BRIEF SUMMARY OF THE INVENTION

[0013] An illustrative method according to the present invention for predicting antisense activity of an oligonucleotide for down-regulating expression of a selected RNA comprises:

[0014] (a) developing an artificial neural network embodied on a computer-readable medium comprising

[0015] (i) constructing a database comprising sequence data of oligonucleotides tested in vivo for activity in down-regulating expression of RNAs and activity data corresponding to said sequence data,

[0016] (ii) providing an input layer containing a selected number of input nodes, optionally at least one hidden layer comprising a plurality of hidden nodes having full connectivity to said input nodes, and an output layer comprising at least one output node connected to said plurality of hidden nodes, if present, or to said input nodes,

[0017] (iii) mapping sequence motifs of a preselected length found in the sequence data contained in the database, entering counts for each of said sequence motifs in selected input nodes of the input layer, and entering the activity data correlated with said counts of said sequence motifs, and

[0018] (iv) training the artificial neural network having the counts entered in the input layer thereof such that the artificial neural network produces an output in the output layer, wherein said output comprises a measure of predicted activity correlated with sequence motif counts for a test oligonucleotide; and

[0019] (b) mapping sequence motifs of the preselected length present in a nucleotide sequence of a test oligonucleotide complementary to at least a portion of said selected RNA, and entering counts of said sequence motifs present in the nucleotide sequence of said test oligonucleotide in the input layer of the artificial neural network; and

[0020] (c) obtaining output of the predicted antisense activity of the test oligonucleotide for down-regulating expression of said selected RNA.

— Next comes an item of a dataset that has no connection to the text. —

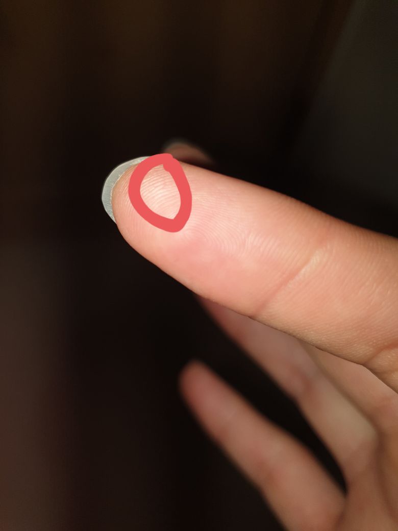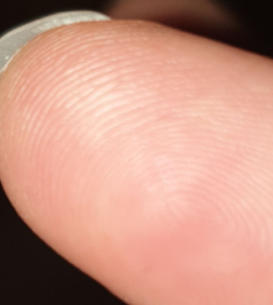 손가락에 다른 부위보다 약간 흰 부분이 있는데(동그라미 친 부분)-육안으로는 큰 차이는 아니고 빛을 비춰보면 주변보다 조금 더 흽니다

[0021] An illustrative method according to the present invention for making an artificial neural network, embodied on a computer-readable medium, for predicting antisense activity of oligonucleotides for down-regulating expression of a selected RNA comprises:

[0022] (a) constructing a database comprising sequence data of oligonucleotides tested in vivo for activity in down-regulating expression of RNAs and activity data corresponding to said sequence data;

[0023] (b) constructing an artificial neural network comprising an input layer containing a selected number of input nodes, optionally at least one hidden layer comprising a plurality of hidden nodes having full connectivity to said input nodes, and an output layer comprising at least one output node connected to said plurality of hidden nodes, if present, or to said input nodes;

[0024] (c) mapping sequence motifs of a preselected length found in the sequence data contained in the database, entering counts for each of said sequence motifs in selected input nodes of the input layer, and entering the activity data correlated with said counts of said sequence motifs; and

[0025] (d) training the artificial neural network having the counts entered in the input layer thereof such that the artificial neural network produces an output in the output layer, wherein said output comprises a measure of predicted activity correlated with sequence motif counts for a test oligonucleotide.

[0026] An illustrative artificial neural network embodied on a computer-readable medium according to the present invention comprises:

[0027] (a) an input layer containing a selected number of input nodes;

[0028] (b) optionally at least one hidden layer comprising a plurality of hidden nodes having full connectivity to said input nodes; and

[0029] (c) an output layer comprising at least one output node connected to said plurality of hidden nodes, if present, or to said input nodes;

[0030] wherein sequence motifs of a preselected length found in a database comprising (i) sequence data of oligonucleotides tested in vivo for activity in down-regulating expression of RNAs and (ii) activity data corresponding to said sequence data are mapped and counts for each of said mapped sequence motifs are entered in selected input nodes of the input layer, and the activity data correlated with said counts of said sequence motifs are also entered in said selected input nodes of the input layer, and then the artificial neural network is trained such that the artificial neural network produces an output in the output layer, wherein said output comprises a measure of predicted activity correlated with sequence motif counts for a test oligonucleotide.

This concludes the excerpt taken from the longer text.